Segment Open

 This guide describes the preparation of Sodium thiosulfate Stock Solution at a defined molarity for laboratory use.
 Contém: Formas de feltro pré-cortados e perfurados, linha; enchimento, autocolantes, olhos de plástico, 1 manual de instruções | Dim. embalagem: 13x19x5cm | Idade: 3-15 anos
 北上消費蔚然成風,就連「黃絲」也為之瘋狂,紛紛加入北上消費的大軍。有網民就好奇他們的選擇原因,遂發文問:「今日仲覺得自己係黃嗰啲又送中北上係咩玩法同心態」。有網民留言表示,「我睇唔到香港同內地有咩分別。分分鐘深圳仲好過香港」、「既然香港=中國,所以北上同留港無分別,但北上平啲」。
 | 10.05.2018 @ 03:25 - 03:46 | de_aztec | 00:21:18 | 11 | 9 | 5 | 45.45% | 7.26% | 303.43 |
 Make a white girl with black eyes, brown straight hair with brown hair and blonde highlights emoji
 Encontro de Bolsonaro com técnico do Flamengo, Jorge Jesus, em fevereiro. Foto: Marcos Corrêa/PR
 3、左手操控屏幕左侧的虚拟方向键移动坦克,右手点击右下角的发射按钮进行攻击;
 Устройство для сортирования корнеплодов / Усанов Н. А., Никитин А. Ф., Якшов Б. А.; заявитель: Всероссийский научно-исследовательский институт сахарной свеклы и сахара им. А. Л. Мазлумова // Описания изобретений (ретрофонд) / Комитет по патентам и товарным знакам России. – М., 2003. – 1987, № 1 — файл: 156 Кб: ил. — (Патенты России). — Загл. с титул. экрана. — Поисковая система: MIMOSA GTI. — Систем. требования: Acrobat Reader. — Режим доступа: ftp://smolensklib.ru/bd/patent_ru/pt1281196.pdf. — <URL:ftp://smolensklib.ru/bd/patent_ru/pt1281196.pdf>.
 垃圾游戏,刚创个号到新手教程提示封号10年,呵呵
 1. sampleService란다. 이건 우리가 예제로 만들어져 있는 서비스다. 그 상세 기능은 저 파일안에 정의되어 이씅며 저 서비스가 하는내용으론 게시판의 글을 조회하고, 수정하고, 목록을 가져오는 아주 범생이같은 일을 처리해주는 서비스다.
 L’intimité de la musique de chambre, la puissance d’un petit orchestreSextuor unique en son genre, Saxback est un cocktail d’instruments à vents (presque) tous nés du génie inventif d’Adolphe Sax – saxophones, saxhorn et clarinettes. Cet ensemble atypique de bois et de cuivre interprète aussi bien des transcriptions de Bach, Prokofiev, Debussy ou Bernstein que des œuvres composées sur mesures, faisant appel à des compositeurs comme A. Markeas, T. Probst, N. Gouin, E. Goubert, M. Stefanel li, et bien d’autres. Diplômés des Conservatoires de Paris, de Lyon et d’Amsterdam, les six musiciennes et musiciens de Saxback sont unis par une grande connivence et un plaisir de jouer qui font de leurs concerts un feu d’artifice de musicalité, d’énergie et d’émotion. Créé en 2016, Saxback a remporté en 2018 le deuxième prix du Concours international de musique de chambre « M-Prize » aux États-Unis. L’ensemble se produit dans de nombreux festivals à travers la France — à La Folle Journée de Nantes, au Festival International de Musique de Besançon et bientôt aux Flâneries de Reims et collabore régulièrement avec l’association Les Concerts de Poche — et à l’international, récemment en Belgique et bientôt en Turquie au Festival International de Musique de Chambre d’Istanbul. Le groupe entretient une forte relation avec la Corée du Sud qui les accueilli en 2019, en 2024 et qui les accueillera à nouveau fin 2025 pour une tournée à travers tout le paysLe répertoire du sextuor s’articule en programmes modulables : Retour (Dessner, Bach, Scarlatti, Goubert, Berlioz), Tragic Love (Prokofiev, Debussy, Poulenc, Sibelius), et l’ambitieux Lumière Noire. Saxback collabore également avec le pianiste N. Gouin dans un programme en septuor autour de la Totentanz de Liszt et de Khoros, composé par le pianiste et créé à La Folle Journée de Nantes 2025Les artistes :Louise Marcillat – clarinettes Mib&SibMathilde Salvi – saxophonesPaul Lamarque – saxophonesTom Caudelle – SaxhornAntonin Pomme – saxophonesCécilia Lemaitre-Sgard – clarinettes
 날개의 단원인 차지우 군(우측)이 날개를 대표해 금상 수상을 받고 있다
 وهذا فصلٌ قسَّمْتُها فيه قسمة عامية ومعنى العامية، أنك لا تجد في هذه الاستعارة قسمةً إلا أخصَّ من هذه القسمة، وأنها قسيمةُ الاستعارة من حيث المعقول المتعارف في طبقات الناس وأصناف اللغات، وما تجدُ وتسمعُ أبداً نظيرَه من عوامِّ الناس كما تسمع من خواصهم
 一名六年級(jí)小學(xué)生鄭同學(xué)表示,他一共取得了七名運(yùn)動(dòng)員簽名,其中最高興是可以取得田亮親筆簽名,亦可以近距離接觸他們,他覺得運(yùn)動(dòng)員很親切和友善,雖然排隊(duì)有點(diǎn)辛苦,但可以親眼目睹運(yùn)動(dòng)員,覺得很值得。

Segment Closed

— TASK BRIEF —
Please reproduce, exactly as they appear above, the lines from the line containing "날개의 단원인 차지우 군(우측)이 날개를 대표해 금상 수상을 받고 있다" up to and including the line containing "وهذا فصلٌ قسَّمْتُها".

— WRITTEN RESPONSE —
 날개의 단원인 차지우 군(우측)이 날개를 대표해 금상 수상을 받고 있다
 وهذا فصلٌ قسَّمْتُها فيه قسمة عامية ومعنى العامية، أنك لا تجد في هذه الاستعارة قسمةً إلا أخصَّ من هذه القسمة، وأنها قسيمةُ الاستعارة من حيث المعقول المتعارف في طبقات الناس وأصناف اللغات، وما تجدُ وتسمعُ أبداً نظيرَه من عوامِّ الناس كما تسمع من خواصهم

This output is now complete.